Il donne le ton de la pièce : ici registre tragique

Surtout il influence la réception du public.

Le prologue est donc un discours mixte qui mêle :

– réalité et fiction

– description et action

– sérieux et ludique (jeu avec le public et les codes du théâtre

Il joue toujours le rôle d’un métalangage, d’une intervention critique avant et dans le spectacle.

Introduction :

A l’instar de nombreux mythes antiques comme Orphée, Œdipe ou encore Médée, Antigone a donné lieu à de nombreuses réécritures. Après Rotrou au XVII°, puis Cocteau en 1922, Jean Anouilh modernise à son tour le mythe en 1944, dans le contexte de la 2nde guerre mondiale et de la résistance. Il mêle alors avec art références, emprunts et écarts. Il ouvre ainsi sa pièce par un prologue d’un genre nouveau qui dramatise ses intentions.

Problématique :

Nous nous demanderons comment ce prologue répond aux exigences de l’exposition tout en exposant, en exhibant, les intentions du dramaturge.
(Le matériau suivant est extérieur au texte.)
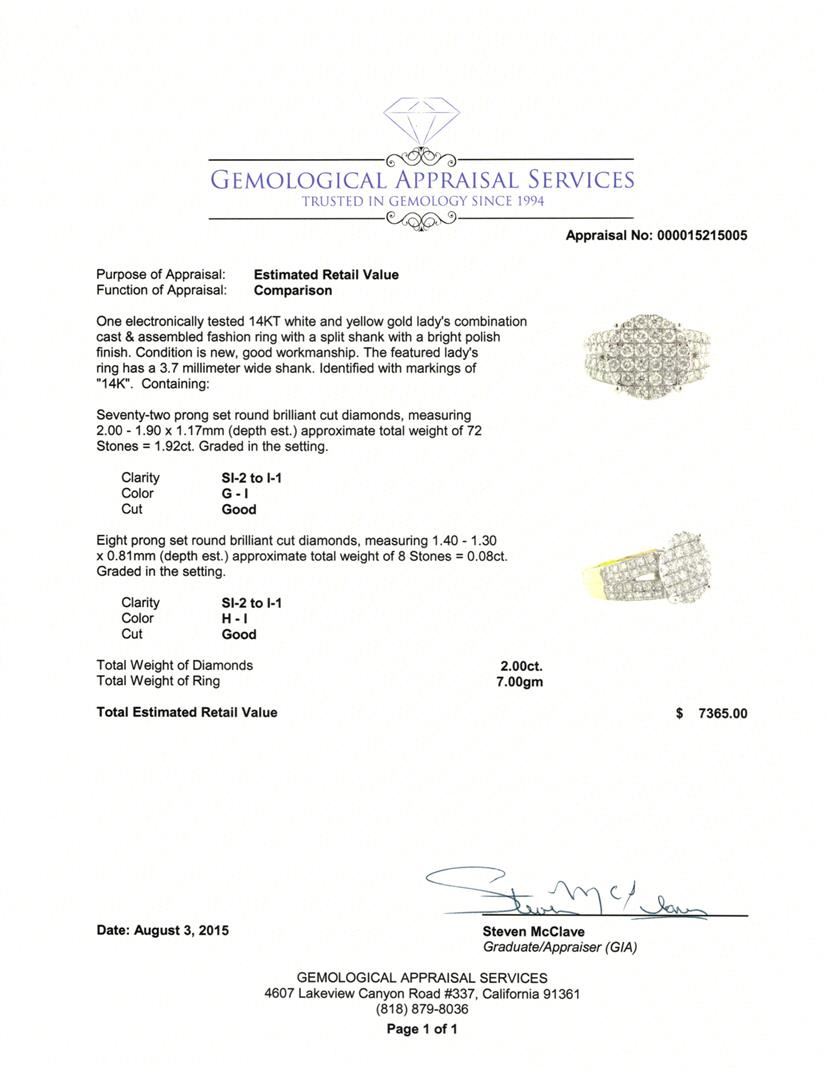 One electronically tested 14KT white and yellow gold lady's combination cast & assembled fashion ring with a split shank with a bright polish finish. The featured lady's ring has a 3.7 millimeter wide shank. Identified with markings of "14K". Condition is new, good workmanship. Containing: Seventy-Two prong set round brilliant cut diamonds, measuring 2.00 - 1.90 x 1.17mm (depth est.) approximate total weight of 72 Stones = 1.92ct. Graded in the setting. Clarity SI-2 to I-1 Color G - I. Cut Good Eight prong set round brilliant cut diamonds, measuring 1.40 - 1.30 x 0.81mm (depth est.) approximate total weight of 8 Stones = 0.08ct. Graded in the setting. Clarity SI-2 to I-1 Color H - I. Cut Good Total Weight of Diamonds 2.00ct. Total Weight of Ring 7.00gm GAS Appraised at $7,365.00.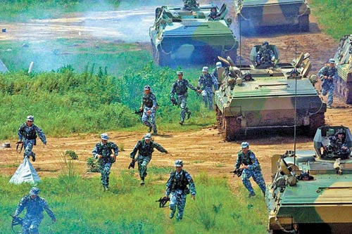 海军陆战队某旅引导官兵以过硬的军事素质践行当代革命军人核心价值观。近日,他们把所属分队拉到复杂地域,展开各专业单兵战术和各兵种间的合成演练,全方位锤炼部队战斗力。 (余黄伟、郑昭聪、仲继军)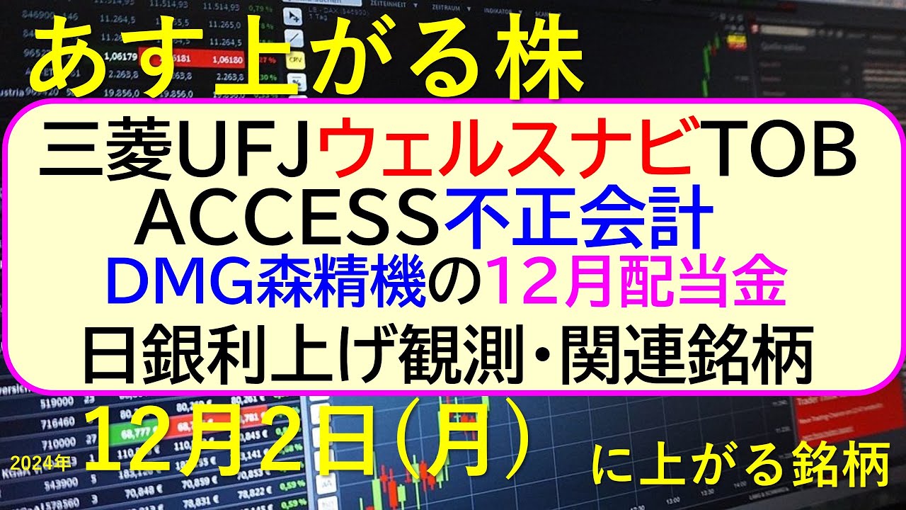 今日の引け後に出た材料で、週明け12/2(月)に期待できる銘柄。日銀の利上げ観測。三菱UFJがウェルスナビTOB。ACCESSは不正会計、ファナックは品質不正。~あす上がる株。最新の日本株情報。高配当株の株価やデイトレ情報についてもお話しいたします。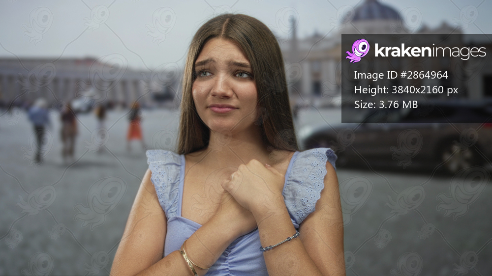 Teenage girl clutch chest on vatican street with troubled expression beneath sunlit dome of basilica; sadness.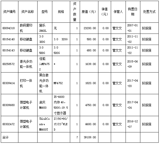 国内合作发展处拟报废固定资产如下,现进行公示: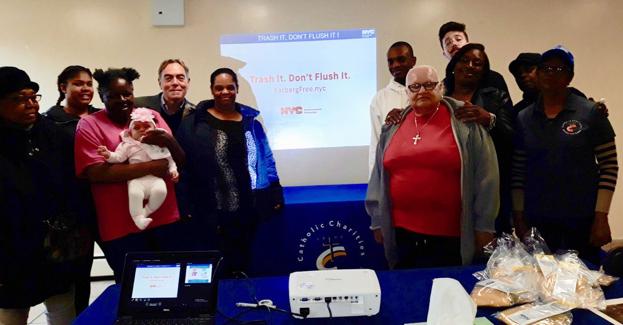 CCBQ’s Relatives as Parents Program (R.A.P.P.) recently received a visit from the NYC Department of Environmental Protection (DEP). Held at the Riverdale Osborne Towers in Brownsville, Brooklyn, instructors Charles Sturcken and Eva Lynch spoke to our participants about the DEP’s new “Trash It. Don’t Flush It” awareness campaign that educates New Yorkers on how to properly dispose of grease, wipes and other trash to avoid costly damage. They also provided guests with rubber gloves, pencils and pen sharpeners. Additionally, Andrew Simontacchi from ClearCaptions spoke to members about free telephone services for the hearing impaired.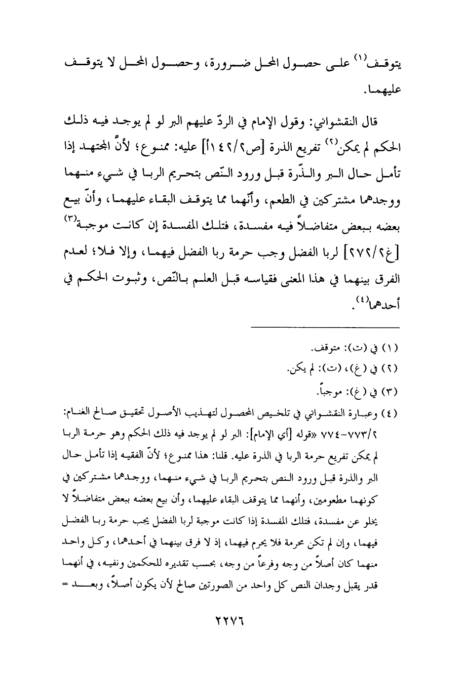 (¬٤) وعبارة النقشواني في تلخيص المحصول لتهذيب الأصول تحقيق صالح الغنام: ٢/ ٧٧٣ - ٧٧٤ "قوله [أي الإمام]: البر لو لم يوجد فيه ذلك الحكم وهو حرمة الربا لم يمكن تفريع حرمة الربا في الذرة عليه. قلنا: هذا ممنوع؛ لأنّ الفقيه إذا تأمل حال البر والذرة قبل ورود النص بتحريم الربا في شيء منهما، ووجدهما مشتركين في كونهما مطعومين، وأنهما مما يتوقف البقاء عليهما، وأن بيع بعضه ببعض متفاضلًا لا يخلو عن مفسدة، فتلك المفسدة إذا كانت موجبة لربا الفضل يجب حرمة ربا الفضل فيهما، وإن لم تكن محرمة فلا يحرم فيهما، إذ لا فرق بينهما في أحدهما، وكل واحد منهما كان أصلًا من وجه وفرعًا من وجه، بحسب تقديره للحكمين ونفيه، في أنهما قدر يقبل وجدان النص كل واحد من الصورتين صالح لأن يكون أصلًا، وبعد =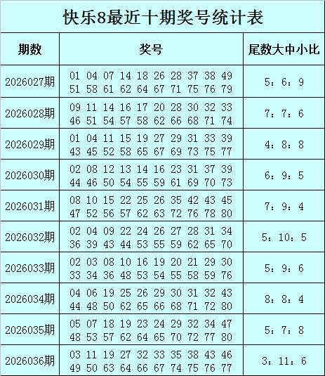 福彩快乐8第2026036期开奖回顾:03 11 19 27 32 33 35 38 43 46 49 50 63 64 66 67 74 75 76 77,其中包含3个小尾奖号:11、32、50;包含11个中尾奖号:03、33、35、43、46、63、64、66、74、75、76;包含6个大尾奖号:19、27、38、49、67、77。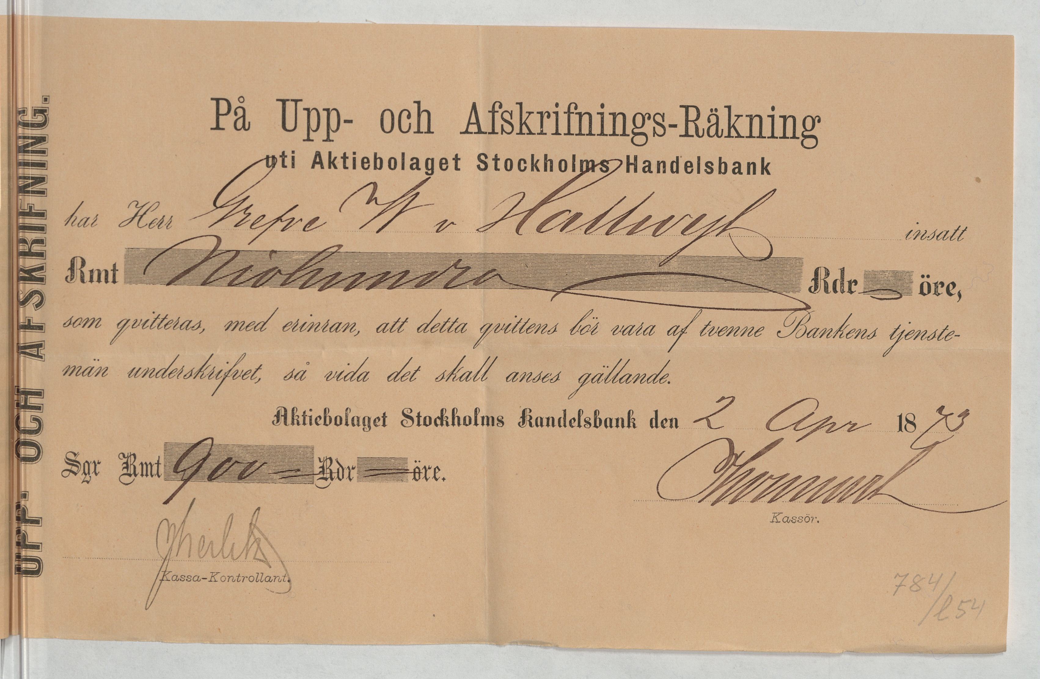 Kvitto från Aktiebolaget Stockholms Handelsbank rörande Upp- och Afskrifnings-Räkning
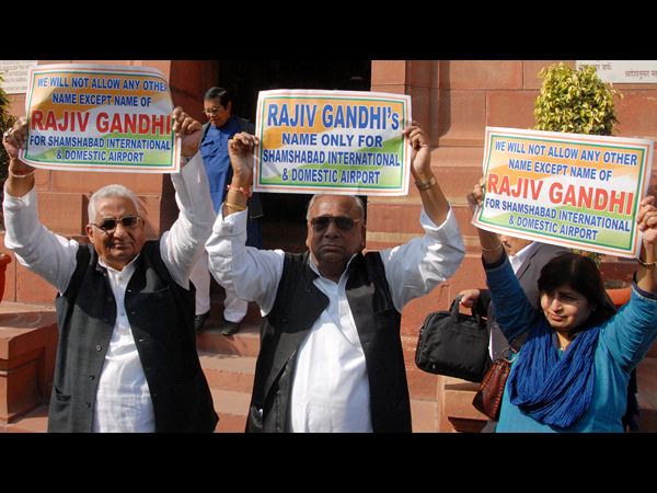 శంషాబాద్ రాజీవ్ గాంధీ అంతర్జాతీయ విమానాశ్రయం దేశీ టెర్మినల్కు ఎన్టీఆర్ పేరు పెట్టడాన్ని నిరసిస్తూ కాంగ్రెసు సభ్యులు మంగళవారం రాజ్యసభలో ప్లకార్డులు ప్రదర్శించారు.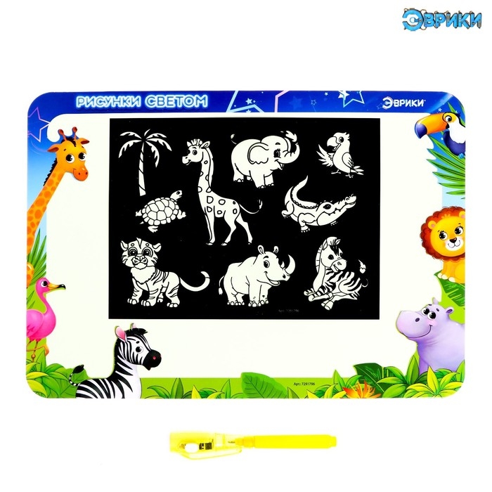С набором для рисования ребёнок научится рисовать не только простым маркером, но и светом! Малыш будет создавать картинки, используя трафареты, или придумает собственные сюжеты.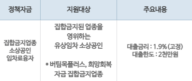 버팀목플러스 및 희망회복자금을 지원받을 수 있은 집합금지업종에 사업을 영위하고 계신 경우 대출신청 대상이 됩니다.
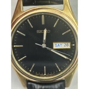 SEIKO 7N43-9946 Mens Rare Black Dial Quartz Watch New Battery Running Day Date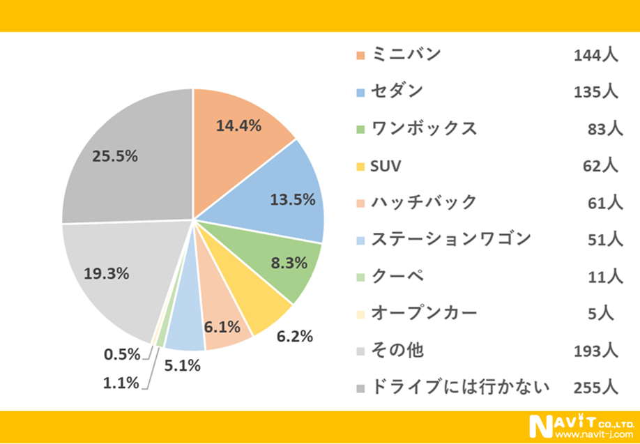 「どんな車でドライブに行きますか?」という質問については、「ミニバン」が14.4%、「セダン」が13.5%、「ワンボックス」が8.3%という順になりました。荷物もたくさん載せられ、複数人でも乗りやすいサイズの車はドライブにぴったりですね。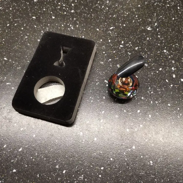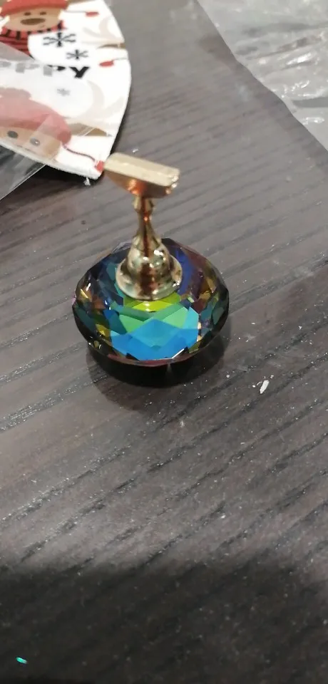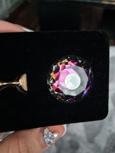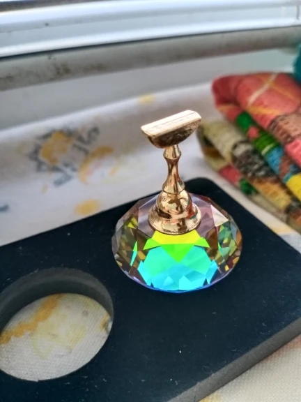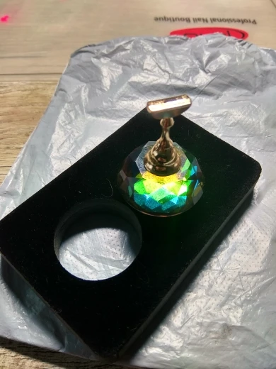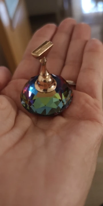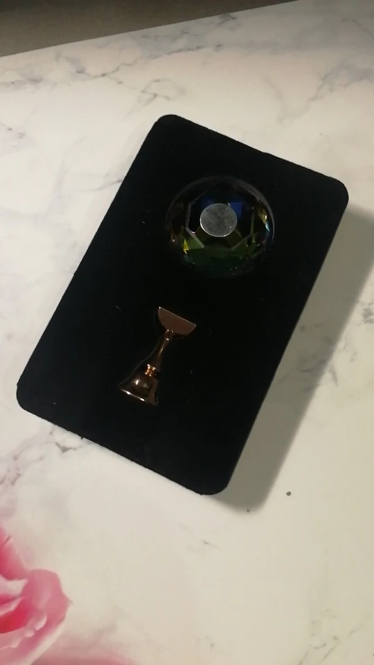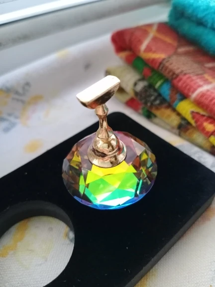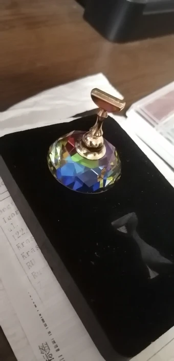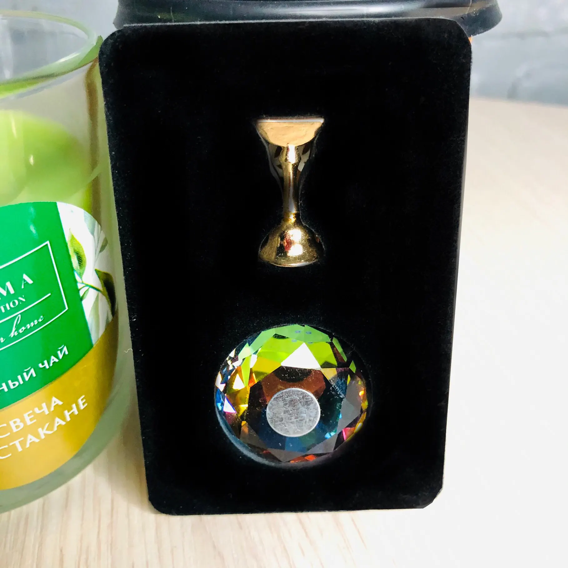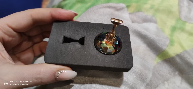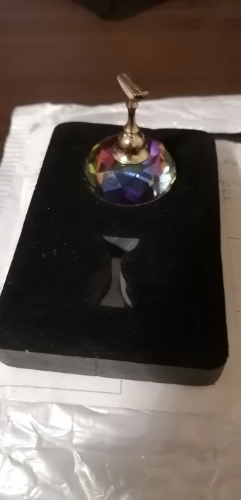Дошёл кристалл в целости без сколов, магнит мощный и хорошо держит верхнюю часть(подставку) работать удобно, для крепления типсы использую двухсторонний скотч и после работы легко очищается,в кадре для фото дизайнов кристалл смотрится эффектно, в комплекте 1 кристалл 1 подставка и чёрный поролоновый держатель(на первом фото) какой либо дополнительной коробке нет.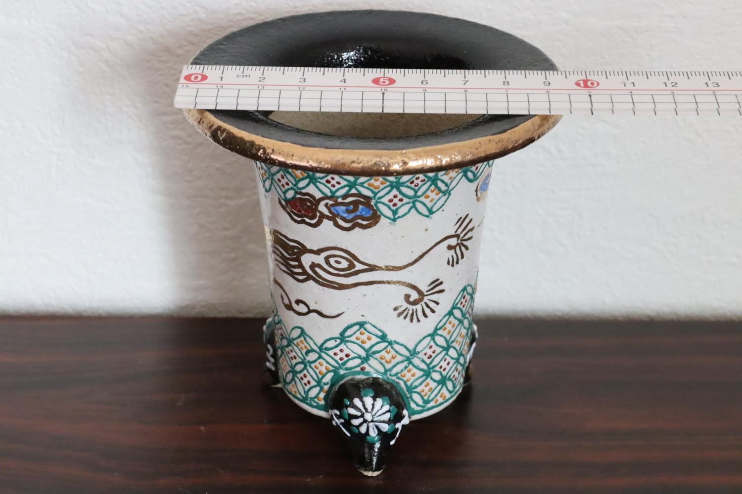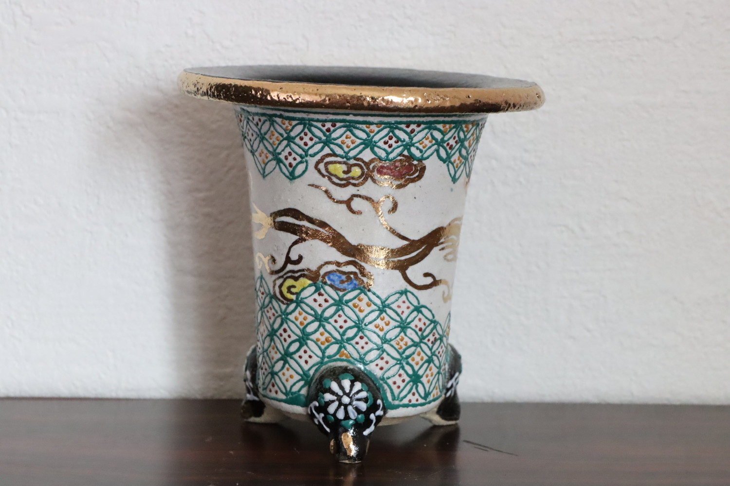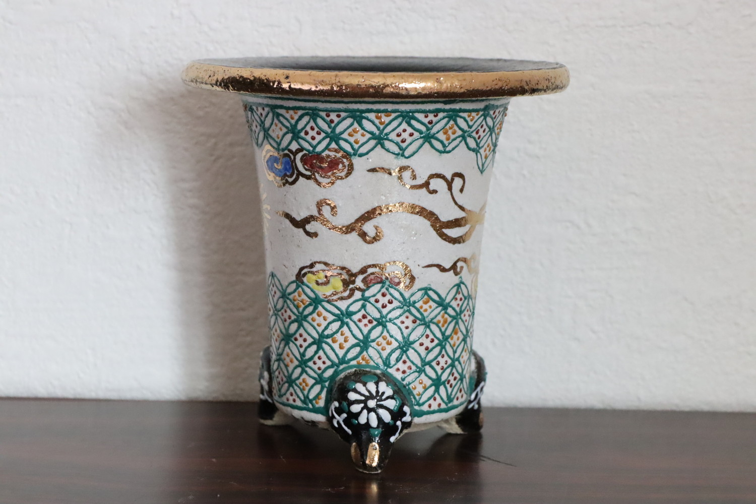 2042,白地七宝古代金竜 万年青楽鉢 外形約9.7cm 利山サイン

Nous nous intéresserons donc initialement à la façon dont ce monologue original constitue une scène d’exposition puis nous analyserons sa dimension métapoétique.

I – Un prologue qui fait fonction d’exposition

A – Un prologue original :

Ce prologue semble s’ouvrir sur des coulisses et non sur le plateau : EFFET de THEATRE dans le THEATRE.

Nous sommes bien sur le plateau pourtant, le rideau est levé puisque le discours didascale évoque « le décor neutre » + p 1à « depuis que ce rideau s’est levé ».

Les acteurs sont bien sur scène : « tous les personnages sont en scène ». Toutefois certaines expressions évoquent des activités étrangères à la scène. Il s’agit de montrer des acteurs en attente de jouer : « ils bavardent, tricotent, jouent aux cartes ». Cette énumération mentionne des activités triviales, ordinaires, ludiques qui contrastent avec la tragédie à venir. Dans la mise en scène de Briançon, les personnages sont présentés comme des statues immobiles et muettes (acteurs pas encore en action).

– le présentatif « Voilà », 1er mot, souligne que l’auteur expose, exhibe cet effet de théâtre dans le théâtre.

– On note d’ailleurs la présence du champ lexical du théâtre : p 9 « vont vous jouer »/ « qu’elle va être Antigone »/ p 10 « qu’elle joue son rôle » « depuis que ce rideau s’est levé »/ p 11 »la tragédie »/ p 12 « ils vont pouvoir vous jouer leur histoire ». Il s’agit de rappeler que nous sommes au théâtre. L’acteur est confondu avec son personnage, il l’incarne déjà.

– Certains rôles types de la tragédie comme le page et surtout le messager se trouvent également mis en relief : p 12 « c’est lui qui viendra annoncer la mort d’Hémon tout à l’heure ».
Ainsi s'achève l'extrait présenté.